Water covers 70% of the Earth, and its volume is about 1,386 million cubic kilometers (km³); this figure includes the seas, lakes, rivers, glaciers, polar ice caps, subsoil, and atmospheric vapor. All this water represents only one thousandth of the volume of our planet and 0.05% of its total mass; if the Earth weighed one ton, the water would weigh half a kilo. It’s a tiny proportion but it influences how we rotate in space.
The Earth’s rotation axis is not fixed
The Earth’s rotation axis moves slowly but steadily. As the globe rotates, it wobbles slightly on its axis, like an off-center spinning top, the so-called “precession” motion. This wobbling is due to the tidal forces caused by the gravitational influences of the Sun and the Moon.

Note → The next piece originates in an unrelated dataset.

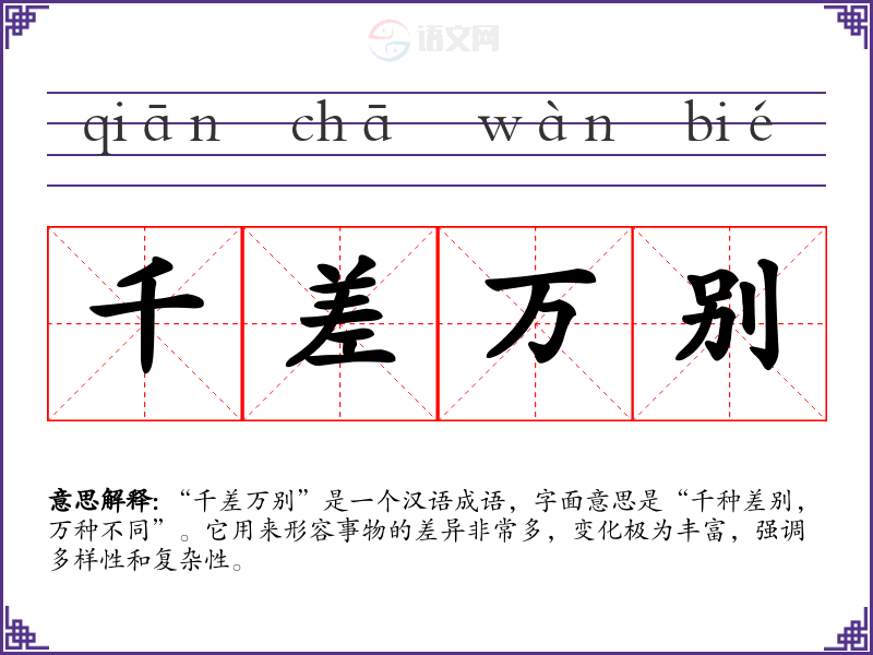“千差万别”是一个汉语成语,字面意思是“千种差别,万种不同”。它用来形容事物的差异非常多,变化极为丰富,强调多样性和复杂性。

Astronomers have been calculating this for centuries: approximately every 26,000 years, the rotation axis describes a complete cycle. Thus, in our days, the axis points to the Pole star, but it will pass successively, at intervals of about 6,000 years, through Alpha Draconis, Vega, Denech, and Alpheratz to return to the Pole after about 26,000 years. A natural phenomenon known as “polar drift” or “polar movement” tells us that the sky we see differs from the sky our Homo sapiens ancestors have seen throughout their evolution.
2,150 gigatons of water make their presence felt
The ability of the mass of water to change the Earth’s rotation was discovered in 2016. In addition to tides, the melting of polar ice masses and the subsequent increase in the volume of water in the seas influence polar drift. However, a recent study published in Geophysical Research Letters by Korean geophysicist Ki-Weon Seo highlights a new and, to some extent, surprising aspect: the displacement of large water masses due to the extraction of aquifers has caused the alteration of the Earth’s rotation axis by about 80 centimeters to the east. The study states that from 1993 to 2010, the deviation of the axis evolved at a rate of 4.36 centimeters per year.
Until now, the specific contribution of groundwater to these rotational changes has not been explored. Scientists have calculated that during these 17 years, we have pumped almost 2,150 gigatons of groundwater; after being used for irrigation and domestic and industrial purposes, the extracted water ends up mainly in the sea, increasing its level by more than six millimeters. Redistributing this liquid mass from the subsoil to the sea directly affects the rotation axis. To make it understandable, scientists suggest that we vary the distribution of the mass of a spinning top with plasticine and check the variation of its rotation axis depending on where we place it.
The Three Gorges, the epitome of anthropogenic alteration
In 2018, NASA detected a variation in the Earth’s rotation following the construction of the Three Gorges Dam on the course of the Yangtze River in central China. The enormous hydraulic work, which involved the construction of a dam 185 meters high and 2,310 meters long, forms a reservoir with a capacity of about 39.3 billion m³ and occupies an average area of 632 km2. More than 100 million m³ of earth had to be removed, and about 1.5 million people were displaced. Scientists and environmentalists have criticized the gigantic reservoir, which has altered the area’s climate and caused considerable environmental damage.
According to NASA experts, the Three Gorges Dam has caused the Earth to alter its rotation, increasing daylight hours by 0.06 milliseconds. Returning to the simile of the spinning top, geophysicists explain that the variation of a large volume of mass dispersed over a large territory tends to reduce the rotation speed. In contrast, the mass concentration at a specific point would increase it.
Insignificant effects that raise a reflection
Tiny variations in the Earth’s rotation have already been detected after seismic movements, such as the tsunami that struck the coasts of Southeast Asia in 2004 or the earthquake in Chile in 2010. Astronomers stress the irrelevance of these phenomena, which are undetectable beyond scientific instrumentation. Other factors, such as the action of the Earth’s core or the tides mentioned above, have more influence on the planet’s rotation and are unimportant.
However, we can include how we move water in the long list of human actions that may establish when the Anthropocene began. This is a new invitation to reflect on whether we are responsible for the enormous power we have accumulated.